If we call the same layer twice, we reuse the same weights with every call - this lets us share branches. E.g. with a Siamese LSTM (?) aka a shared LSTM, where we process two inputs with a single LSTM layer.

In [27]:
lstm = keras.layers.LSTM(32)

# Variable-length sequences of vectors of size 128
left_input = keras.Input(shape=(None, 128))
left_output = lstm(left_input)

right_input = keras.Input(shape=(None, 128))
right_output = lstm(right_input)



merged = keras.layers.concatenate([left_output, right_output], axis=-1)

predictions = keras.layers.Dense(1, activation="sigmoid")(merged)

model = keras.models.Model([left_input, right_input], predictions)

model.compile(optimizer="rmsprop", loss="binary_crossentropy", metrics=["acc"])

model.summary()

# model.fit([left_data, right_data], targets)

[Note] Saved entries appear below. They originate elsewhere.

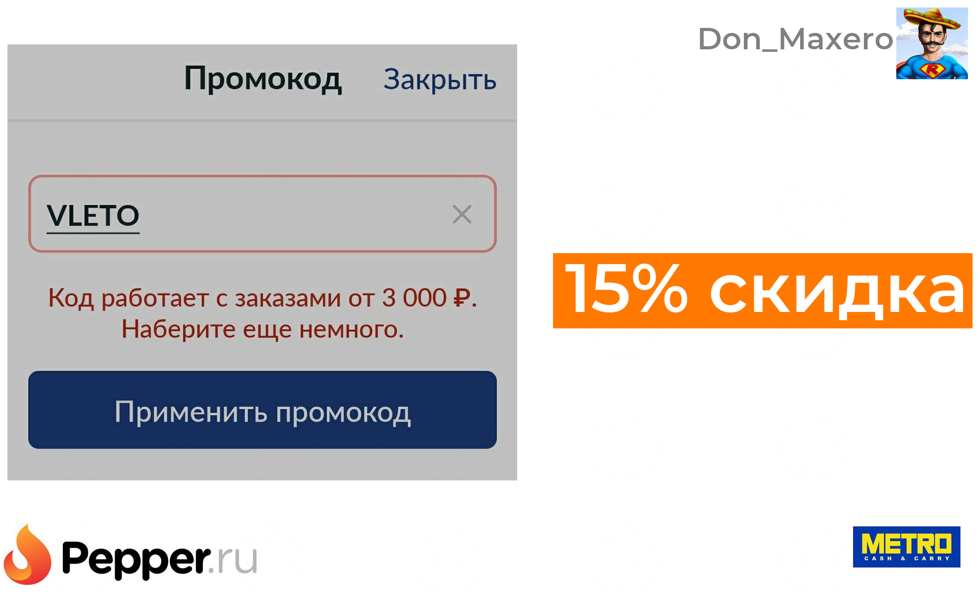 🔹Скидка в МЕТРО 15% при заказе от 3000 ❗️🔥
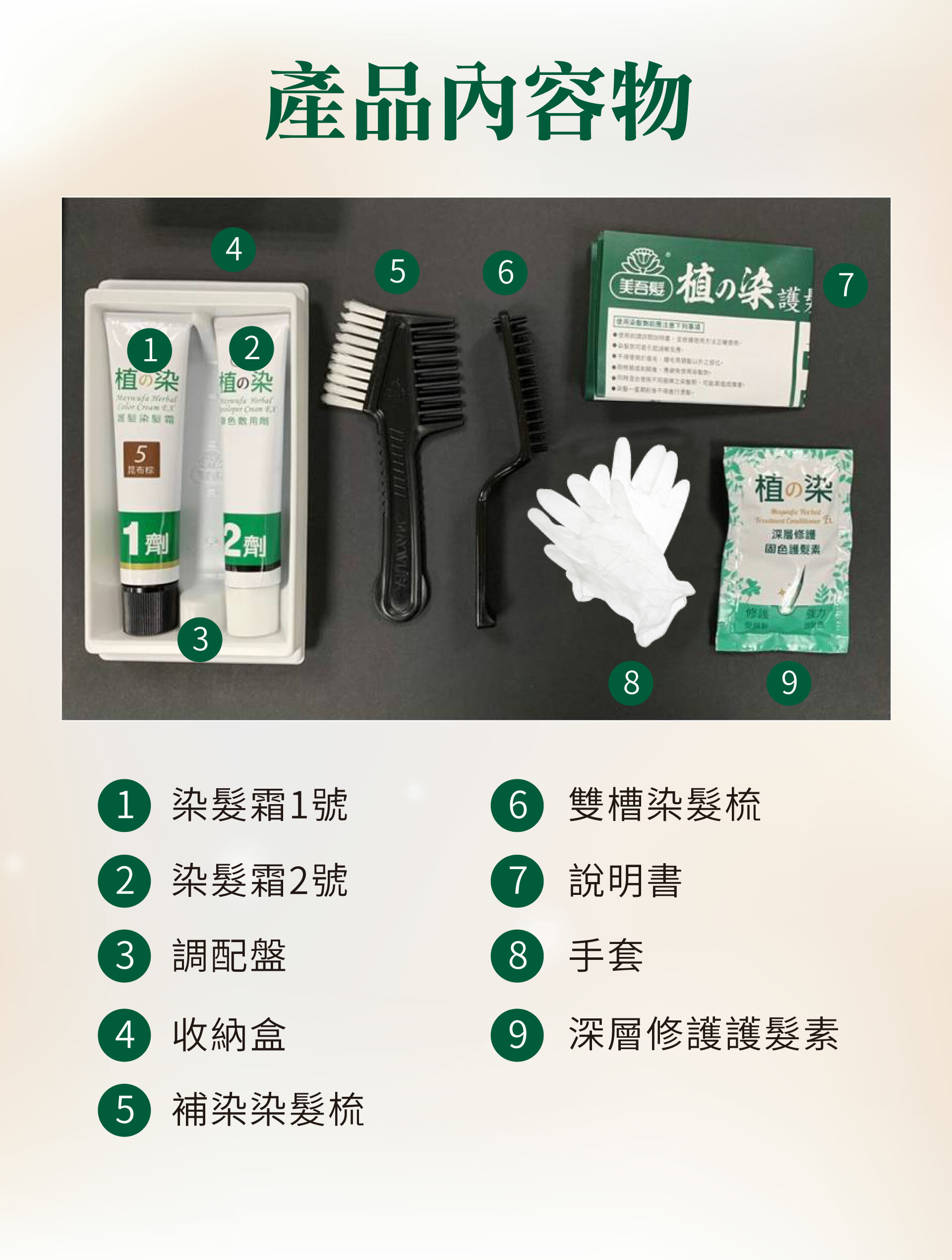 染髮前請先詳閱外盒包裝及內附說明書的圖文說明。
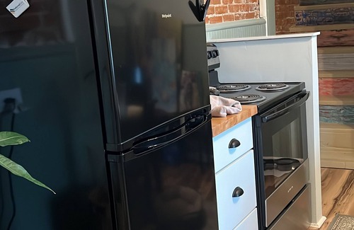 Welcome to your dream loft in historic Frenchtown! This renovated 1860 loft combines vintage charm with modern conveniences, featuring exposed brick walls, new flooring, and fresh paint. The kitchen includes new appliances and countertop, while the bathroom offers tiles and a glass half shower door. On 2nd Street is steps away from bars, restaurants, and famous Katy trail for and w/ walking distance to Main St in St Charles. MO. Don't miss this chance to live in a beautiful updated space.
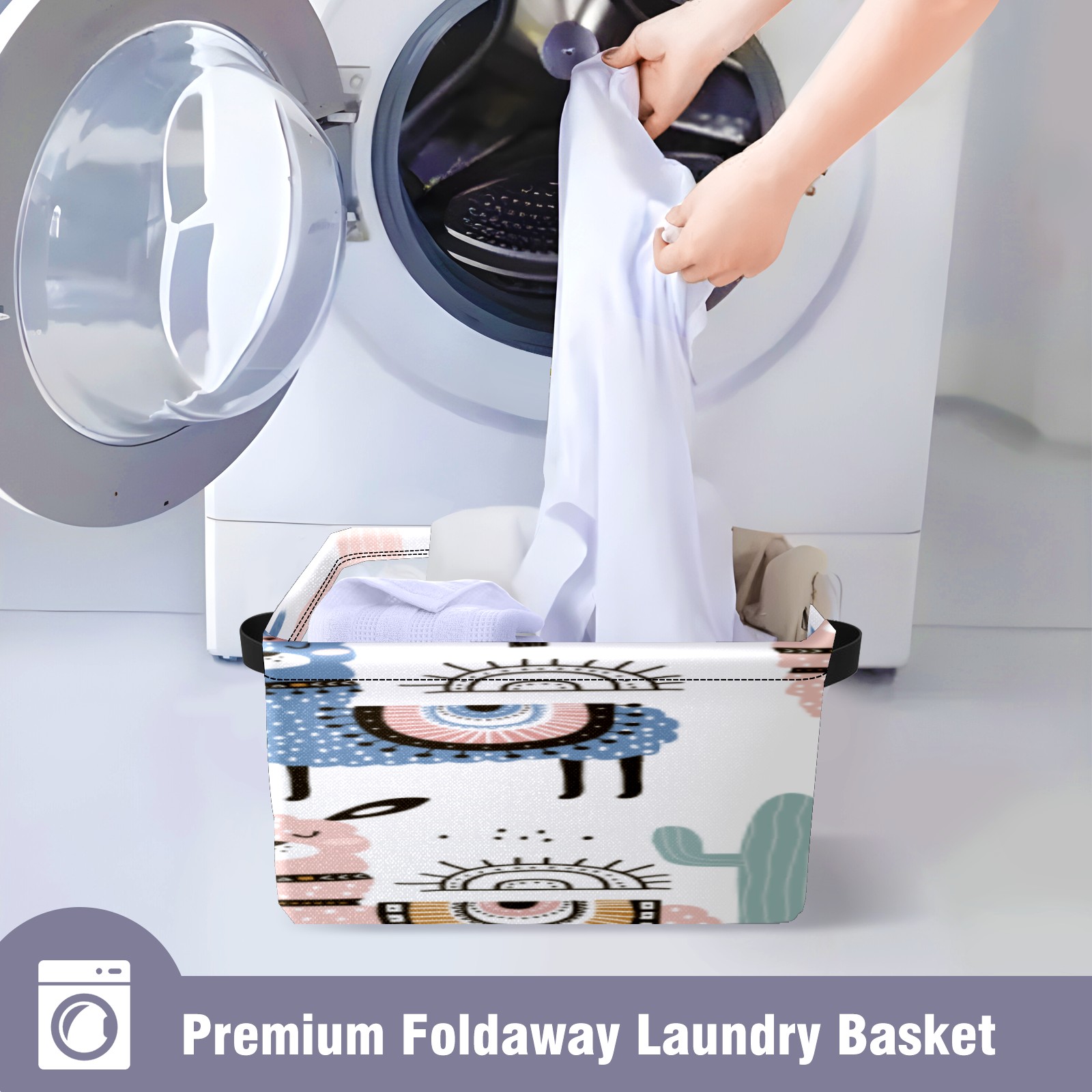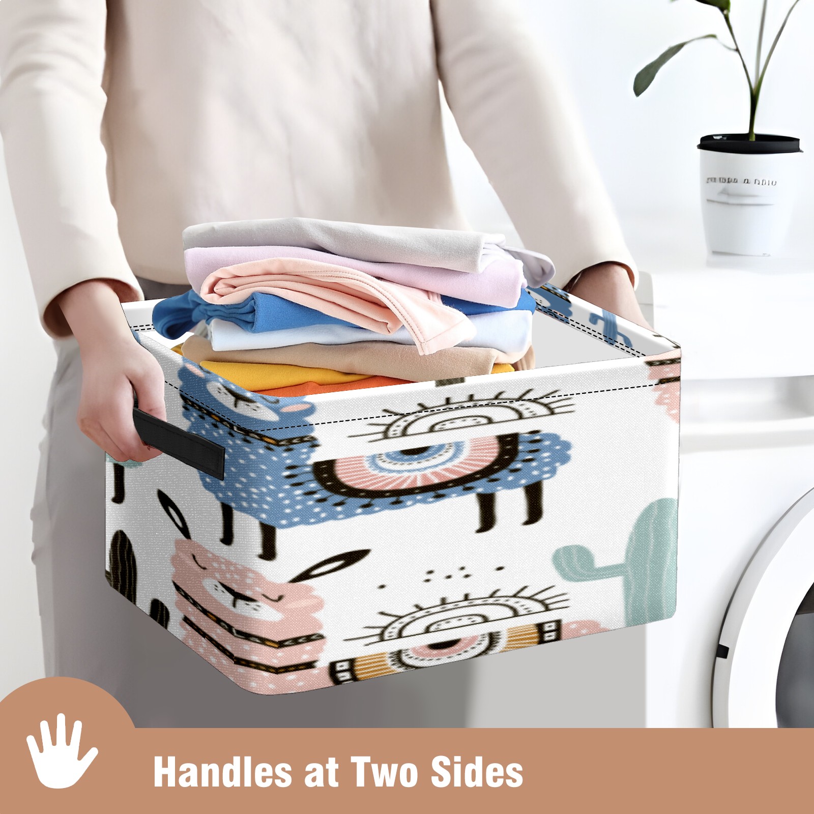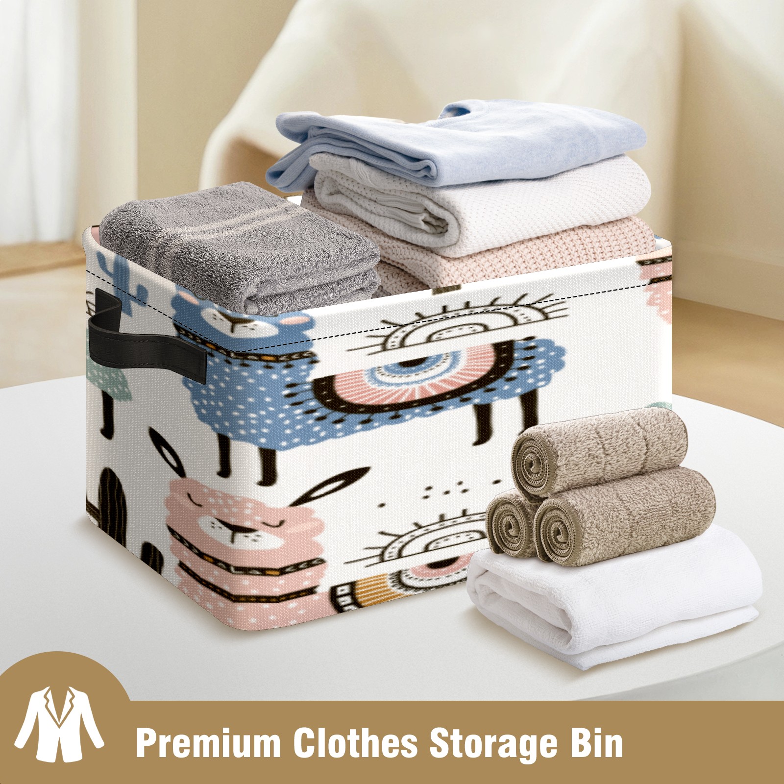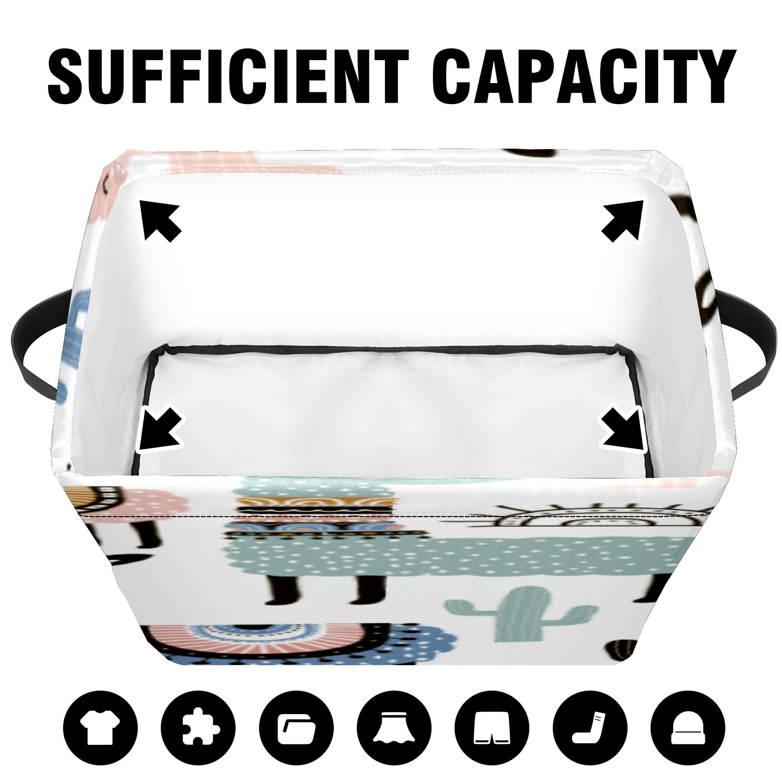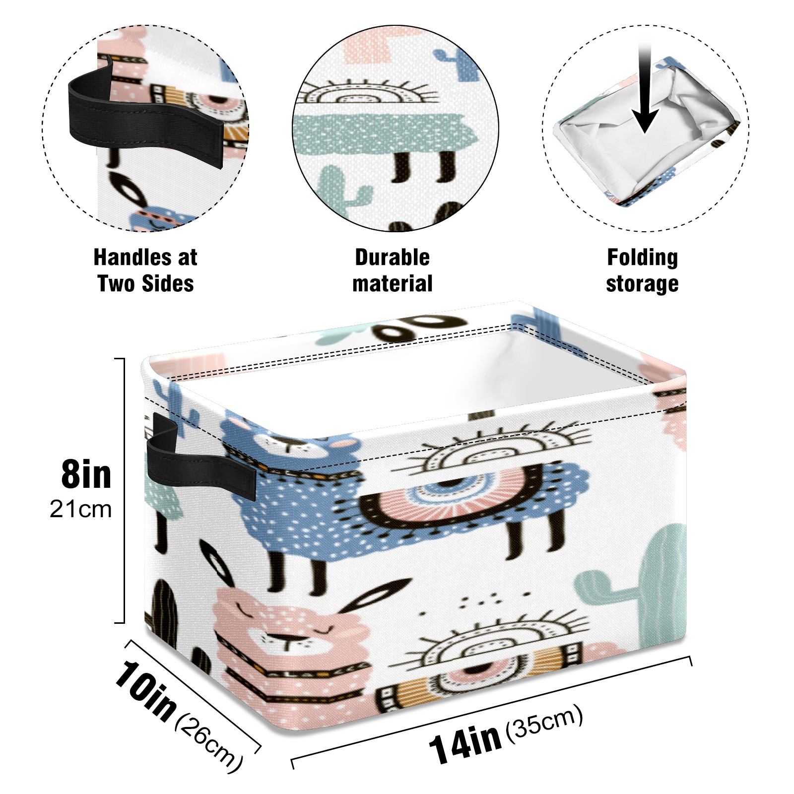 1 Pack Woven Storage Baskets - Natural Seagrass Organizer Bins with Handles, Decorative Foldable Storage alpaca cute
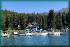 Tegen half vijf zijn we terug op de camping met toch weer veertien km in de benen. Lekker nog even uitgebreid douchen op de camping want dat wordt de komende dagen in de Pacific Rim wat meer back to basic, en hierna met een wijntje in het zonnetje genieten van het uitzicht, de bootjes en de watervliegtuigen.

__________________________________________________________________________________________________
Layer (type)                    Output Shape         Param #     Connected to                     
input_3 (InputLayer)            (None, None, 128)    0                                            
__________________________________________________________________________________________________
input_4 (InputLayer)            (None, None, 128)    0                                            
__________________________________________________________________________________________________
lstm_2 (LSTM)                   (None, 32)           20608       input_3[0][0]                    
                                                                 input_4[0][0]                    
__________________________________________________________________________________________________
concatenate_4 (Concatenate)     (None, 64)           0           lstm_2[0][0]                     
          

### Models as layers

We can think of models as a "bigger layer", e..g `y = model(x)`, and again the weights are shared. E.g. for a vision model with a dual camera: 

In [28]:
xception_base = keras.applications.Xception(weights=None, include_top=False)

# 250x250 rgb images
left_input = keras.Input(shape=(250,250,3))
right_input = keras.Input(shape=(250,250,3))

left_features = xception_base(left_input)
right_features = xception_base(right_input)

merged_features = keras.layers.concatenate([left_features, right_features], axis=-1)

W0625 11:25:35.062937 140193643763584 deprecation_wrapper.py:119] From /usr/local/lib/python3.6/dist-packages/keras/backend/tensorflow_backend.py:174: The name tf.get_default_session is deprecated. Please use tf.compat.v1.get_default_session instead.

W0625 11:25:36.231467 140193643763584 deprecation_wrapper.py:119] From /usr/local/lib/python3.6/dist-packages/keras/backend/tensorflow_backend.py:1834: The name tf.nn.fused_batch_norm is deprecated. Please use tf.compat.v1.nn.fused_batch_norm instead.